Scientific Research
The prospect of gaining new insights into the etiology of complex diseases, such as cancers, is rapidly rising with the availability of new measurement technologies, increasing access to large electronic databases and establishment of new cohorts and biobanks. I lead a broad research program in developing and applying quantitative methods for design and analysis of modern large scale biomedical studies with the goals of identifying new risk factors and biomarkers, understanding disease mechanisms, developing models for disease risk prediction and evaluate risk-based strategies for disease prevention. My endeavor in the field has been illustrated through my leadership in design and analysis of a variety of genome-wide association studies (GWAS) that have led to identification new cancer susceptibility SNPs; characterization of genetic architecture and gene-environment interactions; and better understanding of potential for genetic risk stratification for precision cancer prevention.
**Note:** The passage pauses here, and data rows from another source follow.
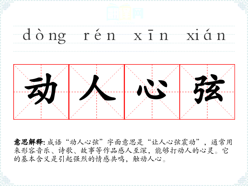 成语“动人心弦”字面意思是“让人心弦震动”,通常用来形容音乐、诗歌、故事等作品感人至深,能够打动人的心灵。它的基本含义是引起强烈的情感共鸣,触动人心。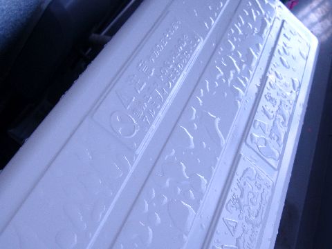 エアコンの上面の水滴対策水滴が付きにくいようにワックスコートのシートで拭いておいたが、大雨の後は綺麗に弾いていて効果大。 |
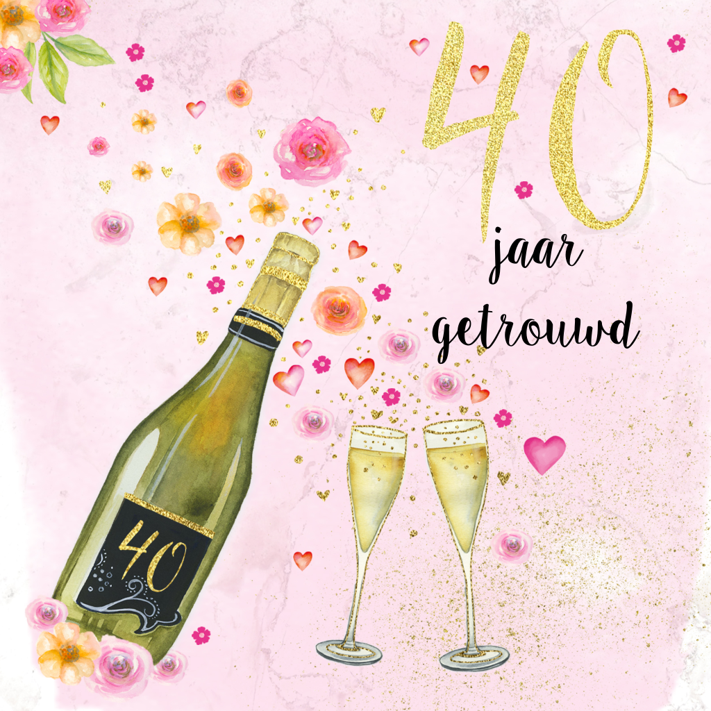 Jubileumkaart 40 jaar met champagne fles, bloemen en hartjes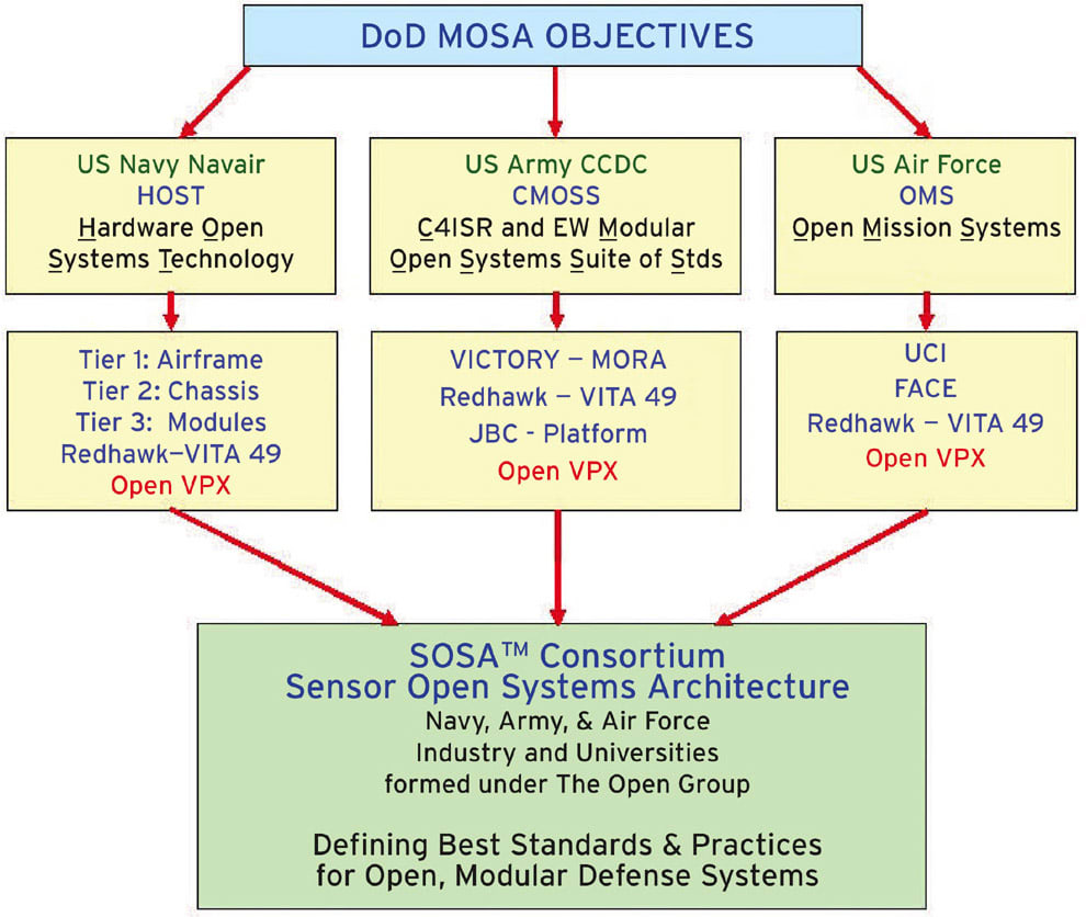 The primary U.S. service branches (Army, Navy, and Air Force) responded to the OSA mandate by developing OSA aligned standards to meet the future procurement needs of deployed systems. Five years later, it was apparent that the three services had many common elements, inspiring the formation of the SOSA Consortium to unify these initiatives.
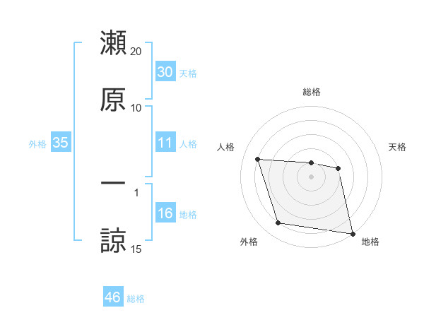 瀬原 一諒さんを姓名の画数から五運を鑑定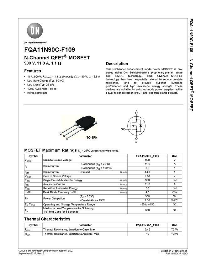 FQA11N90C_F109 N-Channel QFET® MOSFET 900V, 11.0A, 1.1Ω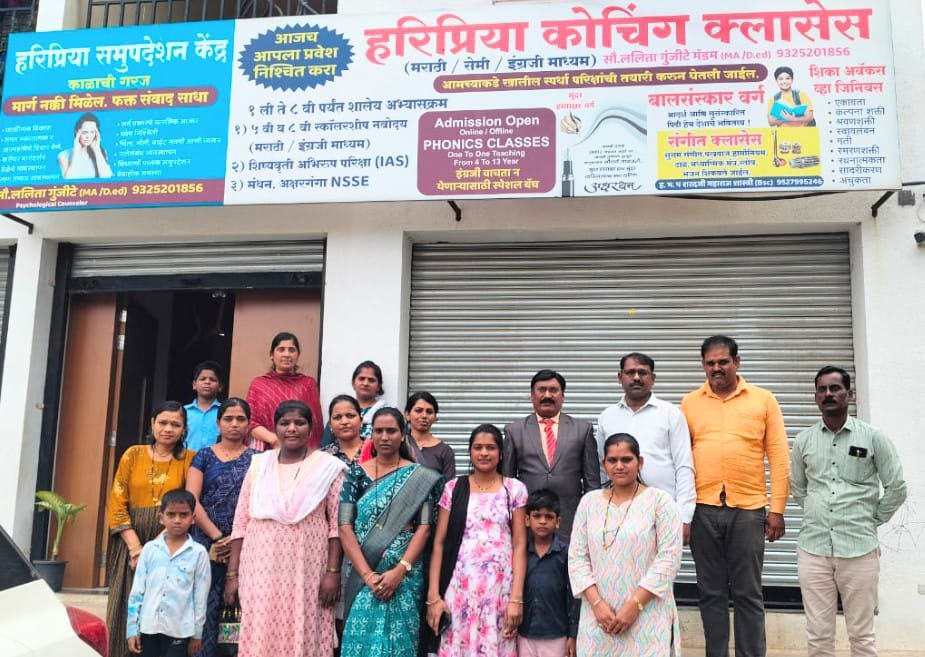 ЁЯУ╕ (рдЫрд╛рдпрд╛рдЪрд┐рддреНрд░рд╛рдд) тАФ рд╣рд░рд┐рдкреНрд░рд┐рдпрд╛ рдХреЛрдЪрд┐рдВрдЧ рдХреНрд▓рд╛рд╕реЗрд╕рдЪреНрдпрд╛ рд╕рднреЗрдирдВрддрд░ рд╕рдВрдЪрд╛рд▓рд┐рдХрд╛ рд▓рд▓рд┐рддрд╛ рдЧреБрдВрдЬреАрдЯреЗ, рд╕рдВрдореЛрд╣рди рддрдЬреНрдЮ рдбреЙ. рдЬрдЧрджрд┐рд╢ рд░рд╛рдареЛрдб рдЖрдгрд┐ рдкрд╛рд▓рдХ рдкреНрд░рддрд┐рдирд┐рдзреА рдпрд╛рдВрдЪрд╛ рдкреБрд╖реНрдкрдЧреБрдЪреНрдЫ рджреЗрдКрди рд╕рдиреНрдорд╛рди рдХрд░рдгреНрдпрд╛рдд рдЖрд▓рд╛. рдХрд╛рд░реНрдпрдХреНрд░рдорд╛рдд рдкрд╛рд▓рдХ, рд╢рд┐рдХреНрд╖рдХ рдЖрдгрд┐ рд╡рд┐рджреНрдпрд╛рд░реНрдереА рдореЛрдареНрдпрд╛ рдЙрддреНрд╕рд╛рд╣рд╛рдиреЗ рд╕рд╣рднрд╛рдЧреА рдЭрд╛рд▓реЗ.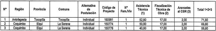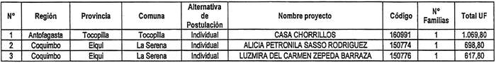 4. Apruébase la siguiente nómina de proyectos seleccionados para el otorgamiento de subsidios del Programa Habitacional Fondo Solidario de Elección de Vivienda, con su respectivo financiamiento total, incluyendo los servicios de asistencia técnica y fiscalización técnica de obras, correspondientes a: 3 proyectos en la modalidad de Construcción en Sitio Propio, todos postulados de manera individual en las regiones de Antofagasta y Coquimbo, correspondiente al proceso de selección cuyo cierre de postulación se efectuó el día 15 de diciembre de 2021, en el llamado efectuado por resolución exenta Nº 446 (V. y U.), de 2021: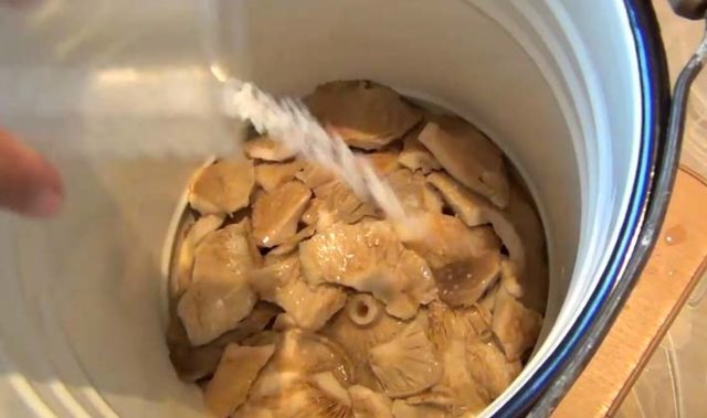 - Dopo l'ammollo, prendi un secchio grande e versaci un po 'di sale. In cima, iniziano a stendere i funghi a strati, senza dimenticare di versarli ogni 2-3 cm.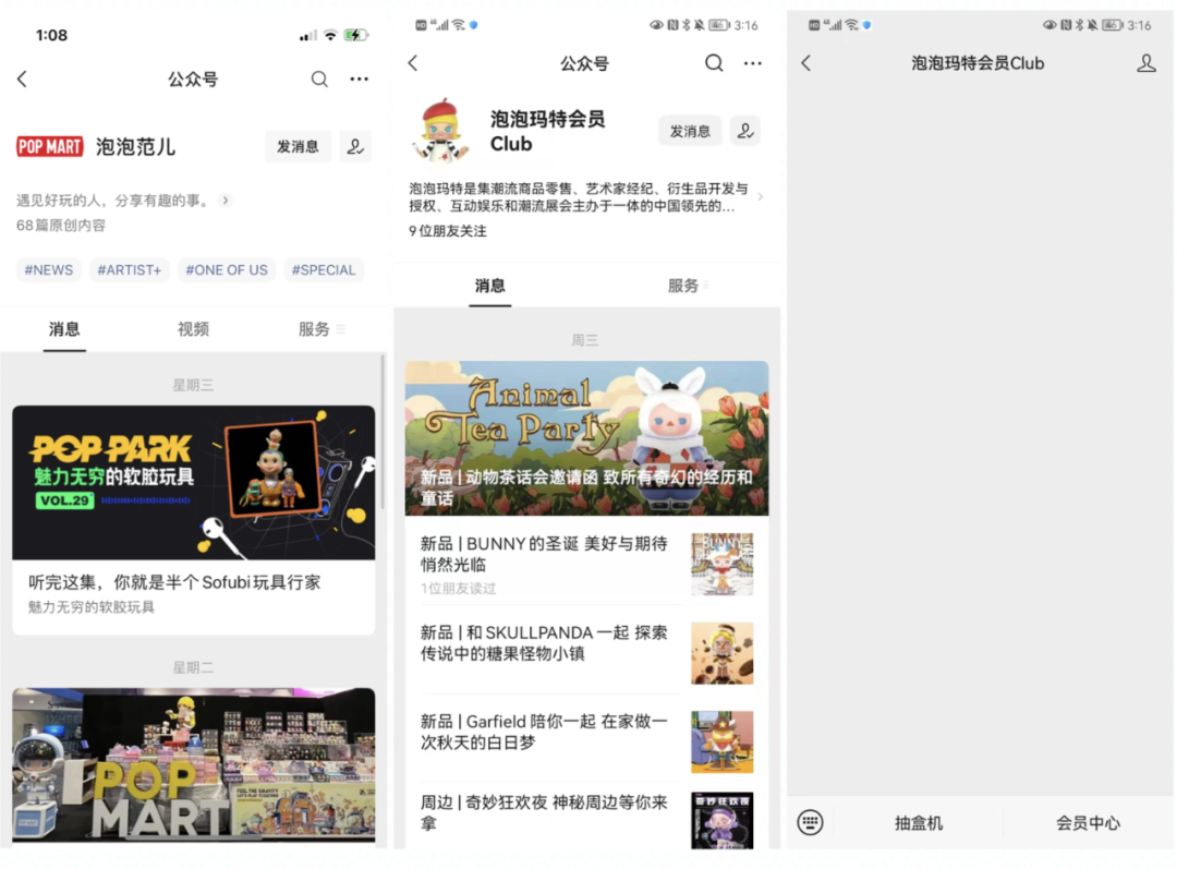 旗下一共有三个公众号:泡泡玛特POPMART、泡泡范儿泡泡玛特会员Club,泡泡玛特POPMART作为其官方公众号,承接所有的功能和主要内容传播;泡泡范儿作为非官方性质的公众号,主要为用户分享关于泡泡玛特的故事(相对来说关注的人也更少);泡泡玛特会员Club主要运营会员相关,菜单栏直达抽盒机与泡泡玛特会员中心。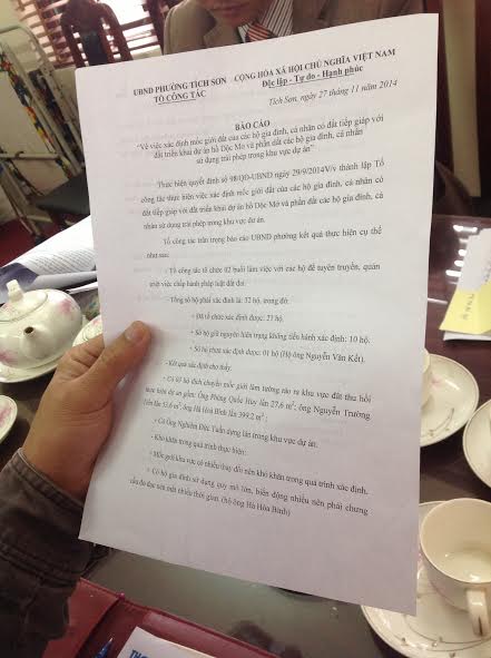 Theo như lời chủ tịch UBND phường Tích Sơn thì từ năm 2011-2012, phường đã mời các hộ gia đình lên làm việc và ký thỏa thuận không lấn chiếm đất công, trong đó có cả hộ gia đình ông Hà Hòa Bình.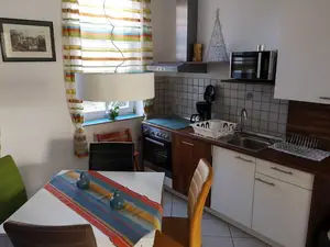 Die Ferienwohnung ist in der Mitte des 18. Jahrhunderts erbauten Fachwerkhaus. Sie ist eine liebevoll eingerichtete Ferienwohnung für 3 Personen. Auf Wunsch kann ein Babybett zugestellt werden. Die Ferienwohnung ist komplett eingerichtet und entspricht den heutigen modernen Anforderungen.Die Küche verfügt über eine Kaffeemaschine, einen Backofen, einen Geschirrspüler und eine Mikrowelle. Zur Ausstattung gehören außerdem ein Flachbildfernseher und eine Stereoanlage. Im eigenen Bad finden Sie eine Dusche, ein WC und eine Badewanne vor. Die Ferienwohnung bietet zudem kostenfreies WLAN in der gesamten Wohnung. Außerhalb der Wohnung befindet sich eine kleine Terrasse mit einer Sitzmöglichkeit, die man zum Grillen oder relaxen nutzen kann. Ein Grill steht zur Verfügung. Einkaufsmöglichkeiten befinden sich direkt im Ort.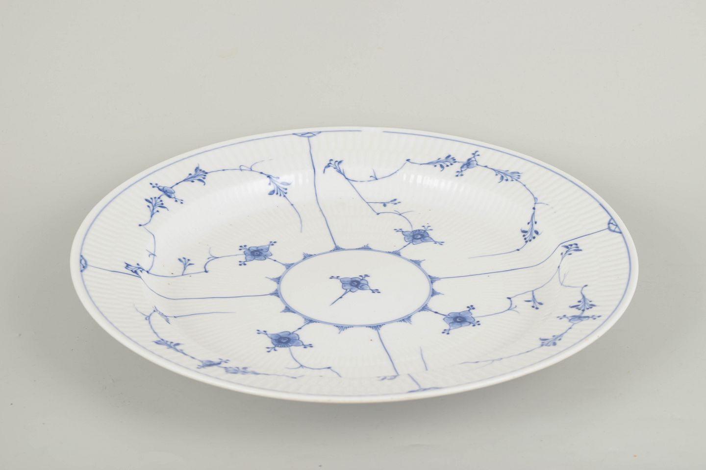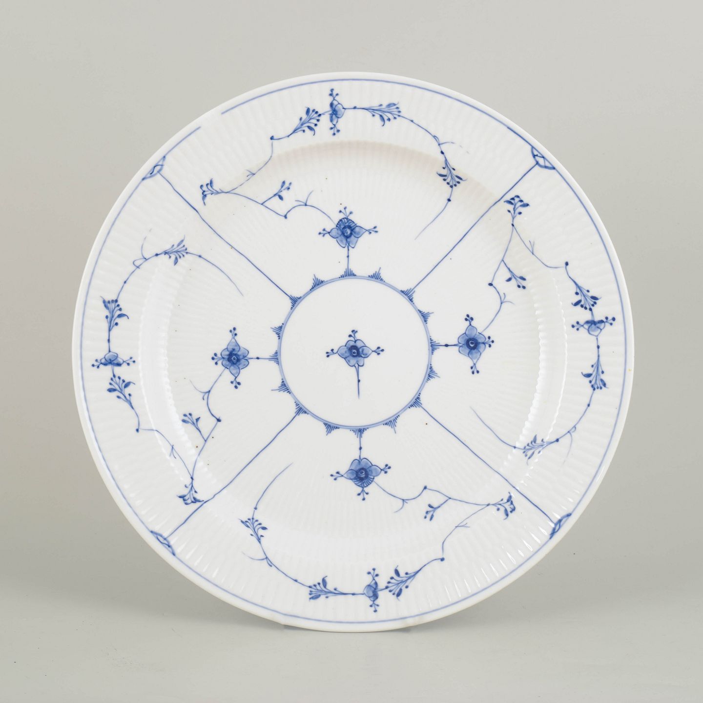 Royal Copenhagen Blue Fluted Plain large round platter.Large hand-painted round platter in the Blue Fluted Plain pattern from the 1800s. First factory quality.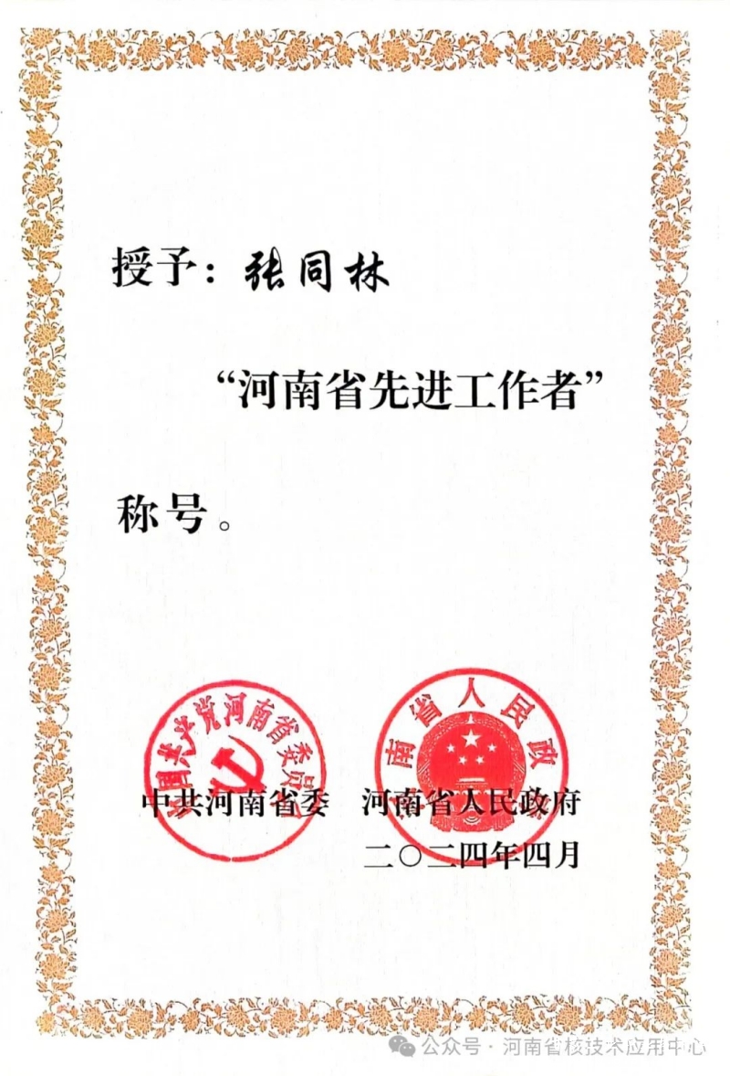 4月30日,2024年庆祝“五一”国际劳动节暨表彰河南省劳动模范和先进工作者大会在郑州隆重举行。我校杰出校友河南省核技术应用中心正高级工程师张同林同志在会上受到表彰,荣获“河南省先进工作者”称号。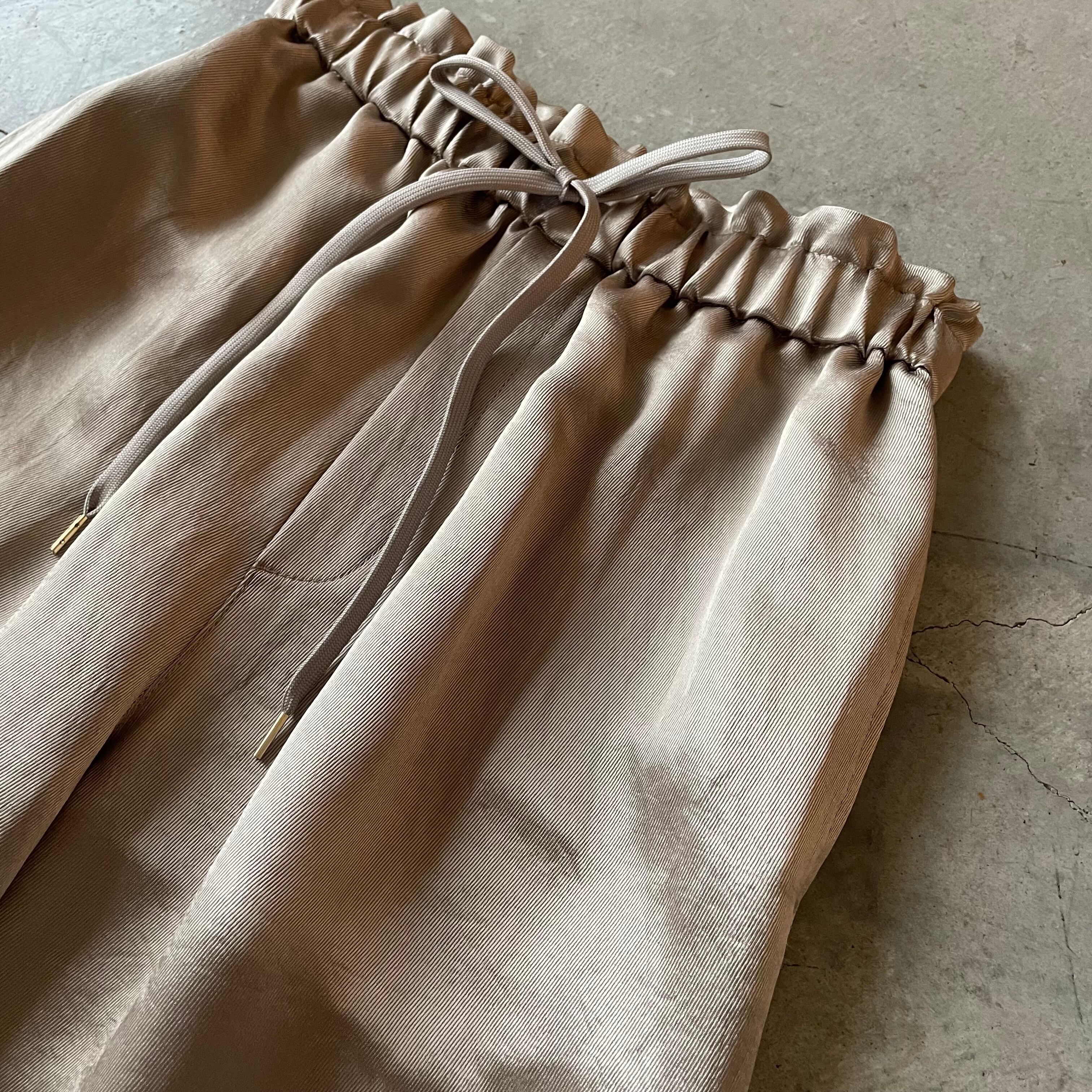 履き心地もよく、広がりすぎないストレートのようなセミワイドシルエットで、どんなトップスにも合わせやすいサテンパンツ。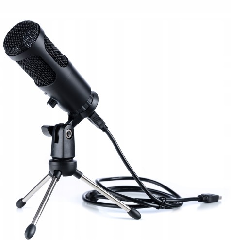 Mikrofon pojemnościowy na statywie. Mikrofon wykonany z najwyższej jakości materiałów, idealnie nadaje się do zastosowań amatorskich oraz komercyjnych. Statyw można zdemontować i trzymać mikrofon w ręce. Wprost stworzony do nauki zdalnej albo komunikacji w grach sieciowych. Dzięki swoim poręcznym rozmiarom jesteś w stanie go zabrać ze sobą w podróż albo wyjazd służbowy.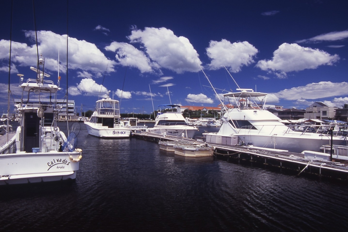 Cumulus clouds spotted over Meinohama Fishing Port, Fukuoka City, Japan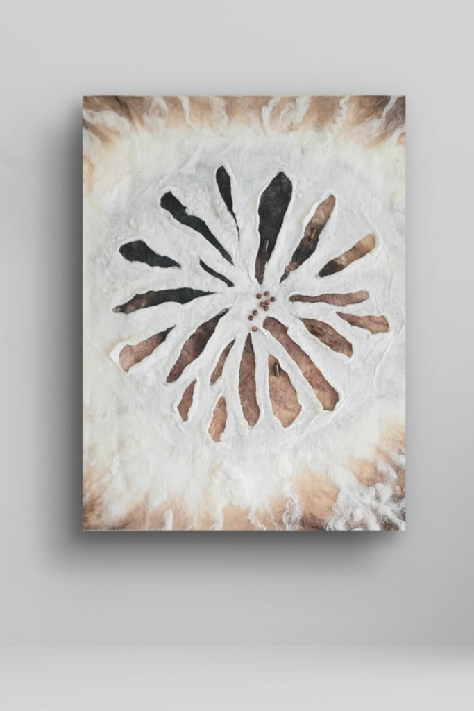 Seed of Light, wall texture art merino wool 51 x 40 cm

As I had worked at NCI for 16 years, a lot of my subject areas of expertise involves cancers. But many of the concepts, methodologies and tools we have developed are equally applicable to other diseases.
Statistical Genetics
My interest in statistical genetics began when I started my post-doctoral Fellowship at NCI in 1999. I got introduced to basic concepts of genetics while developed methods for estimating risk (penetrance) associated with rare high-penetrant mutations, such as those in the BRCA1/2 genes, using data from the kin-cohort design pioneered by my mentor late, Dr. Sholom Wacholder. Subsequently, I developed an interest in studying gene-environment interactions, specially in the context of epidemiologic case-control design where there is considerable potential for ganing efficiency by novel analytic strategies. I began collaborating in genome-wide association studies from its early days (2006-7) and turned my attention towards a rich set of methodological issues arising from these high throughout agnostic studies. My collaborators and I developed powerful methods for genetic association testing within biologic pathways, meta-analysis accross heterogeneous phenoypes and large-scale exploration of gene-gene and gene-envionment interactions. We also conducted foundational studies establishing mathematical framework to understand potential yield for future GWAS as a function of sample size and genetic architecture of the underlying traits. Applications of these and other methods have led to new insights to genetic basis of cancers as well as a number of other complex traits. We are currently developing methods for integrating various types of functional and annotation information for analysis and interpretation of future GWAS of common and rare variants.
Disease risk prediction
As we develop better understanding of disease risk factors, including genetic susceptibility, biomarkers, environmental and life-style factors, it is critical that such knowledge is translated for developing more effective strategies for disease prevention. A critical step towards this goal is to develop tools that can be used to predict future risk of diseases in healthy individuals and then tailor Disease risk prediction strategies for primary and secondary disease preventions based on individualized risks. Over several years, we have been developing methods for building, validating and assessing risk prediction models that can incorporate both genetic and non-genetic risk factors of diseases. We are studying powerful yet simple methods for constructing predictive polygenic risk score (PRS) using data from GWAS. Most recently, we have developed and distributed a software package, Individualized Coherent Absolute Risk Estimator (iCARE), for building models to predict absolute risks of diseases by synthesizing information from different data sources. We have used this methodology to develop specific models for risk prediction of breast cancer and have assessed clinical utility of such models.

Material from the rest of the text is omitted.